Que el poder detenga al poder


Autor: Luciana Sabina









Cristina Fernández de Kirchner no deja de sorprender. Hace algunos días, durante su indagatoria por el juicio por el manejo de obra pública, protagonizó un vergonzoso desplante hacia los jueces. Luego de meses silenciosos, el cercano regreso al poder parece haberle devuelto el habla. Pero detrás de aquel comportamiento -y de la respuesta nula de los magistrados, que no impusieron las sanciones correspondientes-  asomó algo sumamente peligroso: el sometimiento de un poder a otro.  

Más allá de las críticas innumerables que pueden hacerse, es verdad que de todo se puede extraer algo positivo. Así, este comportamiento nos da la excusa perfecta para bucear en un concepto republicano fundamental: el de la División de Poderes. 

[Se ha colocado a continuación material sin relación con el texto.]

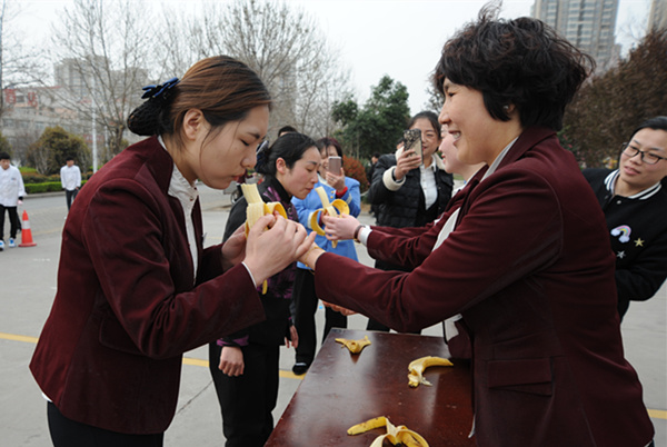 這次的運(yùn)動(dòng)會(huì)秉承著“團(tuán)結(jié)協(xié)作為主,娛樂放松并存”的主題,比賽的項(xiàng)目主要是綁腿往返跑,吃水果,擠氣球等一系列趣味性十足的項(xiàng)目。參賽的員工在比賽中積極競(jìng)爭(zhēng),團(tuán)結(jié)協(xié)作;場(chǎng)下的員工也是熱情吶喊,加油助威。上午的陽光略有寒意,但是員工們的熱情絲毫不減。掌聲、加油聲、歡呼聲一陣緊接一陣,路人也深受感染前來觀看,紛紛拿出手機(jī)拍照。(文:王利偉)

Para encontrar sus orígenes debemos trasladarnos a la Francia del siglo XVII y apelar a los textos de Montesquieu, uno de los padres ideológicos de la Revolución Francesa. En “El espíritu de las leyes” este autor teorizó sobre la necesidad de implementar una separación tajante de poderes: “Todo hombre que tiene poder -expresó- se inclina a abusar del mismo; él va hasta que encuentra límites. Para que no se pueda abusar del poder hace falta que, por la disposición de las cosas, el poder detenga al poder (…  ) no hay libertad si el poder de juzgar no está separado del Poder Legislativo y del Ejecutivo”. 

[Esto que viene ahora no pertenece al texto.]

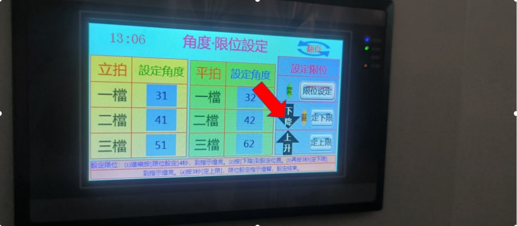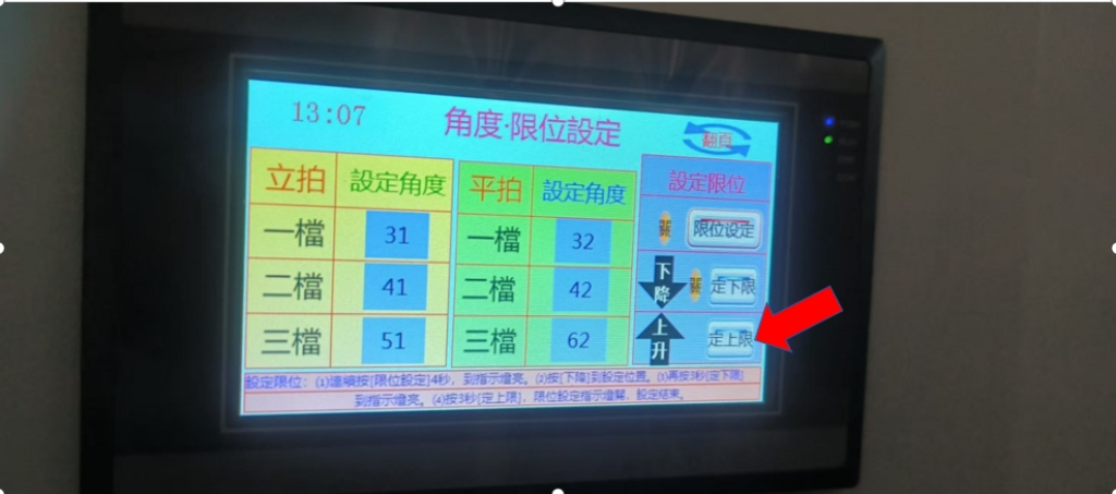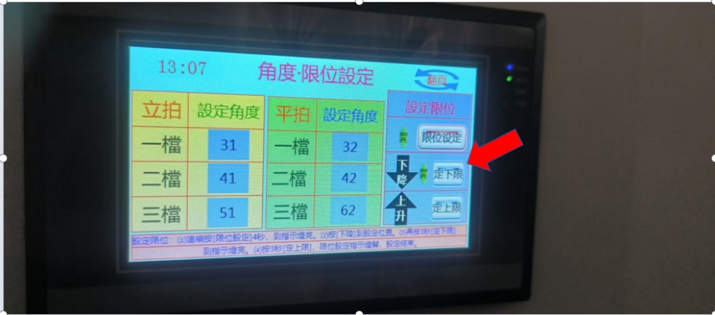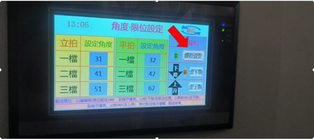 进入限位设置界面后,按住限位設定4秒,直到色指示燎亮(關→開) 如下图

La teoría se divulgó mundialmente y su manera de estructurar el poder terminó siendo una de las bases sobre las que Occidente constituyó sus Estados. 

Nuestro país contó con esta división de potestades a partir de la presidencia de Bartolomé Mitre. 

Don Bartolo fue sumamente prudente en dicha tarea: creó la Corte Suprema de la Nación nombrando a una mayoría de jueces opositores. Así,  otorgó independencia efectiva y afianzó su naciente institucionalidad. Esta primera Corte Suprema -ubicada en una modesta vivienda de la calle Bolívar entre Moreno y Belgrano, de Capital Federal- fue sumamente austera y contó con un mínimo personal. 

Según el especialista Arturo Pellet Lastra, realmente fue autónoma y estuvo compuesta por jueces no subordinados al presidente. 

La imparcialidad de la misma se mantuvo hasta el Golpe Cívico-Militar de 1930. 

Cabe destacar que Bartolomé abandonó el poder tan pobre como cuando lo asumió. De hecho alquilaba la casa donde vivía hasta que un grupo de vecinos la compró y se la obsequió. Al morir decidió donarla al Estado y hoy es sede del Museo Mitre.      

Pero regresando a Montesquieu rescatamos algo más de su pensamiento: “Todo estaría perdido, cuando el mismo hombre, o el mismo cuerpo, ya sea de los nobles o del pueblo, ejerza esos tres poderes: el de hacer las leyes, el de ejecutar las resoluciones públicas, y el de juzgar los crímenes”. 

No dejemos entonces que todo esté perdido y exijamos siempre que “el poder detenga al poder”.     

Publicado en Los Andes el 7 de diciembre de 2019.